- BRIEF
Output every record exactly, apart from its images.

- DATA FOR REVIEW
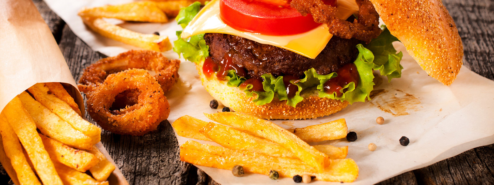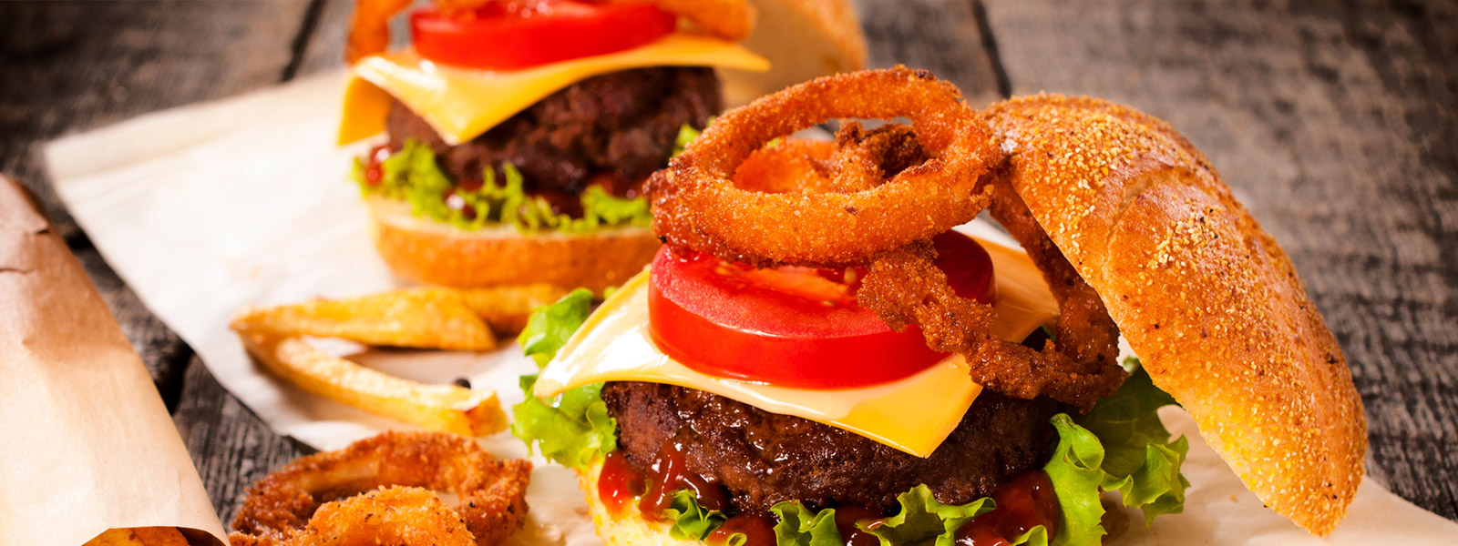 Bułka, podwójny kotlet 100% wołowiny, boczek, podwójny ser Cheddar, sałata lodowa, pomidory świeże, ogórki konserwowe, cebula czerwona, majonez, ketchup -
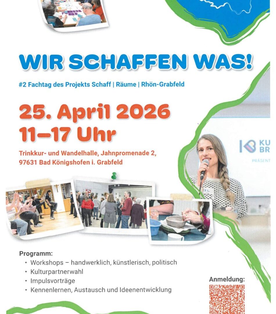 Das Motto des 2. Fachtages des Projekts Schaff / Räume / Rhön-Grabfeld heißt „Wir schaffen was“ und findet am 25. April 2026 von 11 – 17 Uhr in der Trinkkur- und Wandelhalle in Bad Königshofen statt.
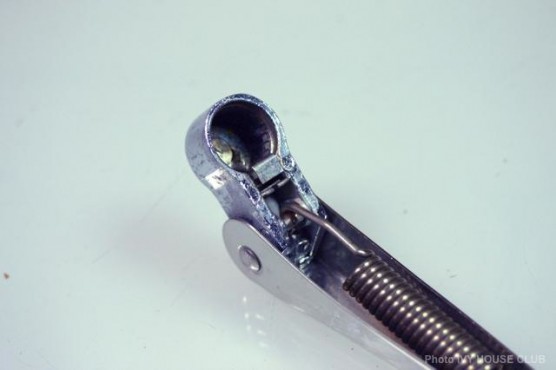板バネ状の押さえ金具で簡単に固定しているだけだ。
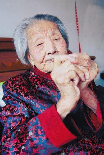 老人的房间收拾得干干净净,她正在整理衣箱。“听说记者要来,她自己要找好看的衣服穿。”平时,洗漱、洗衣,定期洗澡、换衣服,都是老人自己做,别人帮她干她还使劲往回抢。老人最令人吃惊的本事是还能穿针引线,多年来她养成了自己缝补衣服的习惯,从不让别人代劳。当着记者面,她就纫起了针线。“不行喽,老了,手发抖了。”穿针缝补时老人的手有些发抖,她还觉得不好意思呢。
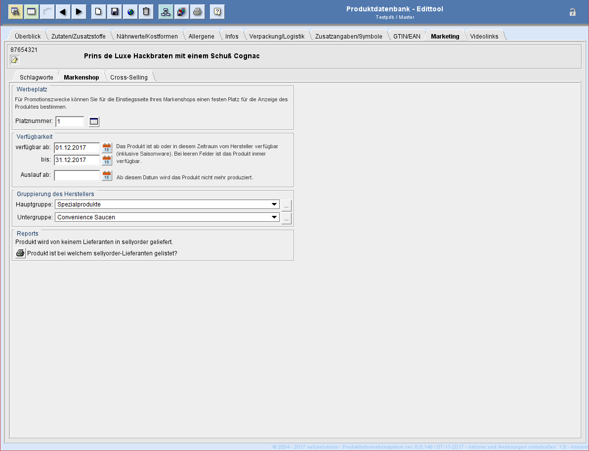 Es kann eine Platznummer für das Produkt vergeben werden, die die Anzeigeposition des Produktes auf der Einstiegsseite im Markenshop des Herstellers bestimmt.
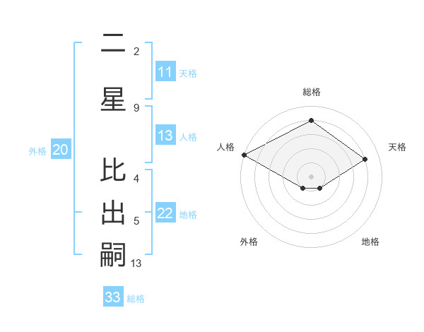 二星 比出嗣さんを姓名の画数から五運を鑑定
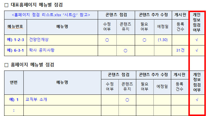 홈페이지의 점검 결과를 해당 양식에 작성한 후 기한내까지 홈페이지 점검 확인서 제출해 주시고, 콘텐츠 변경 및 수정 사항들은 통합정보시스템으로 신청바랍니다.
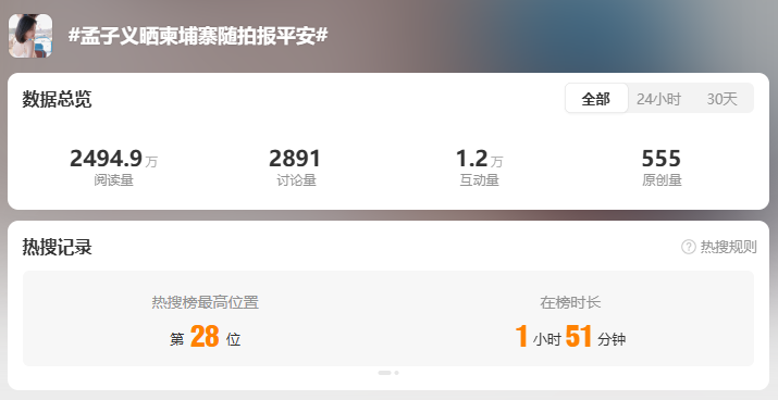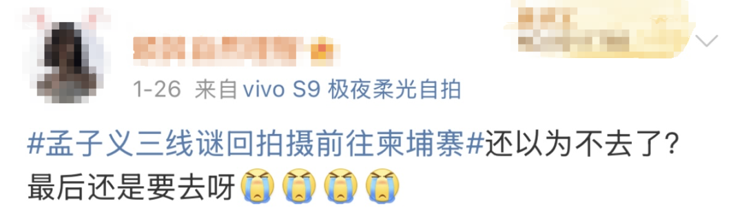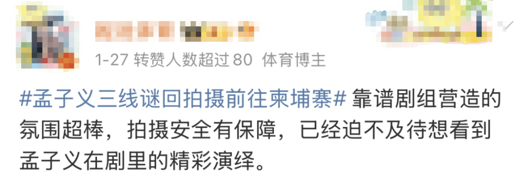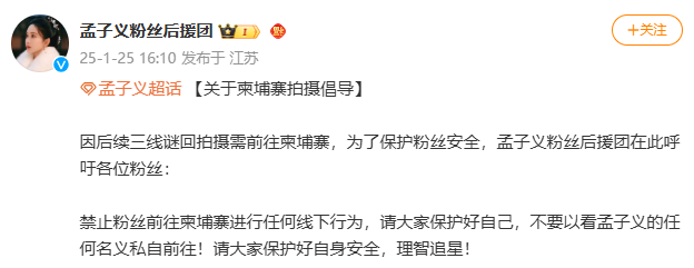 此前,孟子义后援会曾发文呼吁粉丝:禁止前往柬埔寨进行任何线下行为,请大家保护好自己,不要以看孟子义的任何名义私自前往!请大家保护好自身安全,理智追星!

- OUTPUT
 Bułka, podwójny kotlet 100% wołowiny, boczek, podwójny ser Cheddar, sałata lodowa, pomidory świeże, ogórki konserwowe, cebula czerwona, majonez, ketchup -
 Das Motto des 2. Fachtages des Projekts Schaff / Räume / Rhön-Grabfeld heißt „Wir schaffen was“ und findet am 25. April 2026 von 11 – 17 Uhr in der Trinkkur- und Wandelhalle in Bad Königshofen statt.
板バネ状の押さえ金具で簡単に固定しているだけだ。
 老人的房间收拾得干干净净,她正在整理衣箱。“听说记者要来,她自己要找好看的衣服穿。”平时,洗漱、洗衣,定期洗澡、换衣服,都是老人自己做,别人帮她干她还使劲往回抢。老人最令人吃惊的本事是还能穿针引线,多年来她养成了自己缝补衣服的习惯,从不让别人代劳。当着记者面,她就纫起了针线。“不行喽,老了,手发抖了。”穿针缝补时老人的手有些发抖,她还觉得不好意思呢。
 Es kann eine Platznummer für das Produkt vergeben werden, die die Anzeigeposition des Produktes auf der Einstiegsseite im Markenshop des Herstellers bestimmt.
 二星 比出嗣さんを姓名の画数から五運を鑑定
 홈페이지의 점검 결과를 해당 양식에 작성한 후 기한내까지 홈페이지 점검 확인서 제출해 주시고, 콘텐츠 변경 및 수정 사항들은 통합정보시스템으로 신청바랍니다.
 此前,孟子义后援会曾发文呼吁粉丝:禁止前往柬埔寨进行任何线下行为,请大家保护好自己,不要以看孟子义的任何名义私自前往!请大家保护好自身安全,理智追星!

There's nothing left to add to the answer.